Eight weeks later, all 91 took the test again. Those assigned to the training program showed a larger increase in concern about discrimination and also dramatically less bias than those without it, says Prof. Devine, who believes the same results would hold for age stereotypes. “It is important to harness the power of the conscious mind to overcome bias of all sorts,” she adds.
4. Accept the aging process
All that said, it’s important not to go overboard and expect an entirely positive experience of aging. The key is to hold both positive and negative in balance and really understand and own the aging process.
On average, individuals ages 40 and older report feeling 20% younger than their actual ages—a tendency that can serve a useful psychological purpose.
“By distancing yourself from your age, you also distance yourself from negative age stereotypes,” says David Weiss, assistant professor of sociomedical sciences at Columbia University’s Mailman School of Public Health in New York.
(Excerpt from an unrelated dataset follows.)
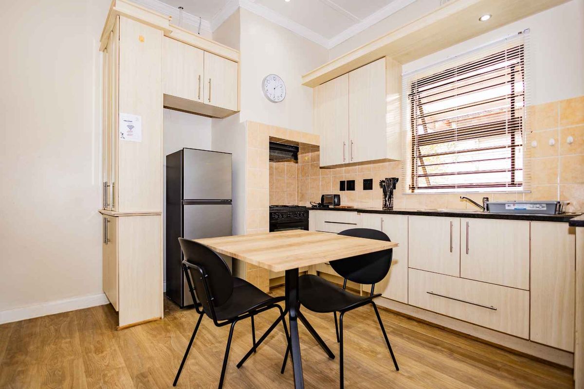 This comfortable unit includes a full-size kitchen with an oven, fridge, microwave, and all the essentials for self-catering, along with a small table for dining or work.
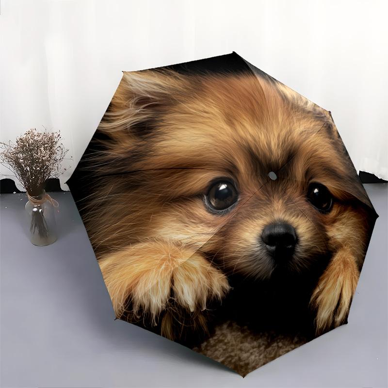 Dog on Black Background pattern, automatic folding umbrella, portable and foldable design, 8 ribs, a Christmas or birthday gift.

But age denial can also leave us vulnerable to the harmful impact of negative age stereotypes down the road—for example, if we suffer a disability or are confronted by evidence that others view us as old, experts say.
Moreover, “denying one’s age may be psychologically harmful in that it disassociates us from various important developmental tasks that should take place in later life,” says Prof. Weiss.
The solution may sound trite, but experts say it’s crucial: “To embrace aging—both the good and bad,” says geriatrician Bill Thomas, co-founder of ChangingAging.org.
Dr. Thomas says it’s important to look not just at the negative changes that take place as we age but also at the positives, such as the improvements scientific studies have shown over time in our interpersonal skills, relationships, expertise and knowledge. While it’s important to accept the negatives—you may, for example, no longer be the runner or tennis player you once were—that doesn’t mean you cannot adapt your game or find other outlets with similar payoffs.
Recent studies point to other techniques we can employ to become more satisfied—or less dissatisfied—with our age.
Research by Prof. Weiss, for example, concludes that identifying with one’s generation, such as baby boomers’ being proud of the differences they made in the culture, is a way to “embrace a more positive conception of older age” and link people “to a positive social identity or legacy that will endure beyond their own lifetime.” In the research, Prof. Weiss and a co-author found that older people who thought about their generations reported better well-being.
Yet another solution: exercise. While the health benefits of physical activity are widely known, a 2012 study shows that exercise can also leave us feeling better about the aging process.
Researchers at the Berlin medical center Charité Campus Benjamin Franklin enrolled 247 women, ages 70 to 93, and randomly divided them into three groups. During three 90-minute sessions each week, one group attended a computer class, while another took an exercise program. The third group was told to stick to their normal routines.
After six months, the exercise group reported the highest level of satisfaction with aging, says Verena Klusmann, lead author and psychologist at the Universities of Konstanz and Bremen. (All three groups started at similar satisfaction levels.)
“These women were more physically fit, more alert and had better executive functioning. The positive experience of exercising affected their well-being and improved attitudes about aging,” she says.